Bands, drill teams, military vehicles and floats will make their way through downtown San Francisco this morning to honor the country’s 26 million veterans in the annual Veterans Day Parade.

The holiday is observed on the 11th day of November and the parade is scheduled to kick off at 11 a.m.–the same day and time that World War I concluded in 1918 on what was originally known as Armistice Day.

According to parade officials, the parade will pay special tribute to the 70th anniversary of World War II and the 10th anniversary of the Afghanistan War.

Charles Morse, 93, a World War II veteran who served in the Marines, will serve as the parade’s grand marshal. It is the 92nd San Francisco Veterans Day Parade.

The parade route will snake from Market and Montgomery Streets to City Hall, and it will be led by the San Francisco Lesbian/Gay Freedom Band.

Parade organizers said that the marching band was invited to march as the honorary lead contingent because of the repeal in July of the military’s ban on openly gay troops.

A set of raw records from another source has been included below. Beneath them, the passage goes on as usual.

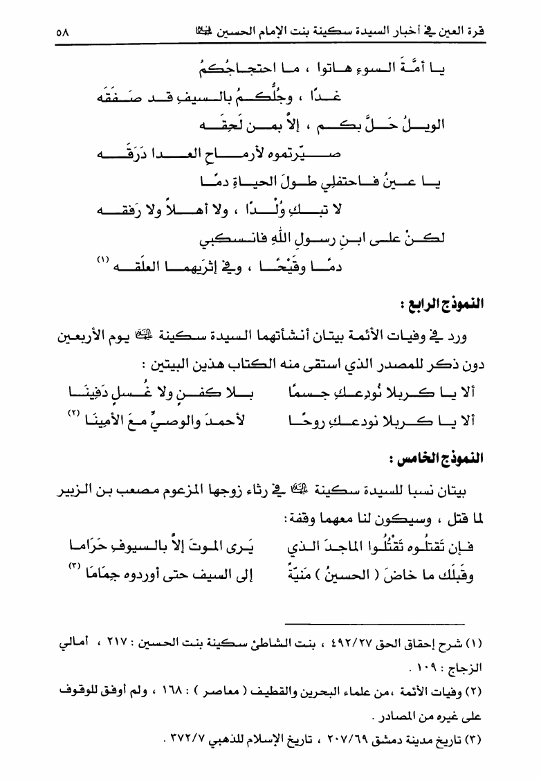 قرة العين ، في أخبار السيدة سكينة بن الإمام الحسين عليها السلام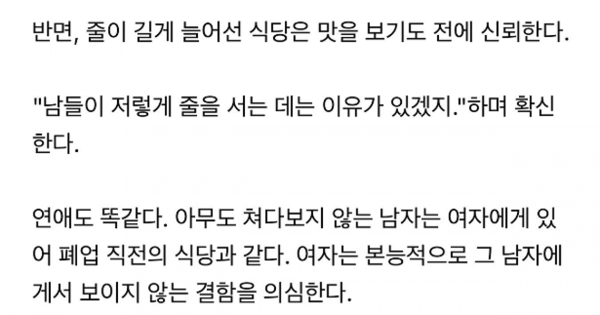 여자가 유부남이나 애인이 있는 남자에게 더욱 큰 매력을 느낀다는 살벌한 이유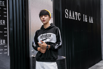 Autumn and winter Plush thickened inset color hooded casual loose versatile sweater

Jadine Louie, the band’s artistic director, said, “The inclusiveness of this parade is a testament to the large-mindedness of the veterans living in the Bay Area who have organized it, and in particular, to longtime parade organizer Remy Champagne.”

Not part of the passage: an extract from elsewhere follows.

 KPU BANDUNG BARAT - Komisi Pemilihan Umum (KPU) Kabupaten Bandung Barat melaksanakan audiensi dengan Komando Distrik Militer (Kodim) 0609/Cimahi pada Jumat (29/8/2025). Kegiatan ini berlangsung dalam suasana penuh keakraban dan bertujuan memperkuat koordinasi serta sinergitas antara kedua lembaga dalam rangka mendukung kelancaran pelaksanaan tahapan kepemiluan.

Champagne, who died earlier this year, organized the city’s Veterans Day and St. Patrick’s Day parades over the last 40 years and invited the group to march in the city’s Columbus Day Parade in 1978, the year the band debuted in the Gay Freedom Day Parade.

The band has been invited to march in the Veterans Day parade since the year after its founding, and last year it won the parade’s award for best civilian marching band.

Band officials said that those invitations and the city’s inclusiveness are notable considering that lesbian, gay, bisexual and transgender groups still cannot march in New York City’s St. Patrick’s Day Parade.

Michael Wong, the band’s drum major said that the group salutes “the community leaders who fought to end ‘don’t ask, don’t tell’ and the sacrifice of all our fellow Americans who have served this country through the armed forces.”

The band’s membership includes several veterans of the armed services who served as early as 1966 in Vietnam and as recently as 1986.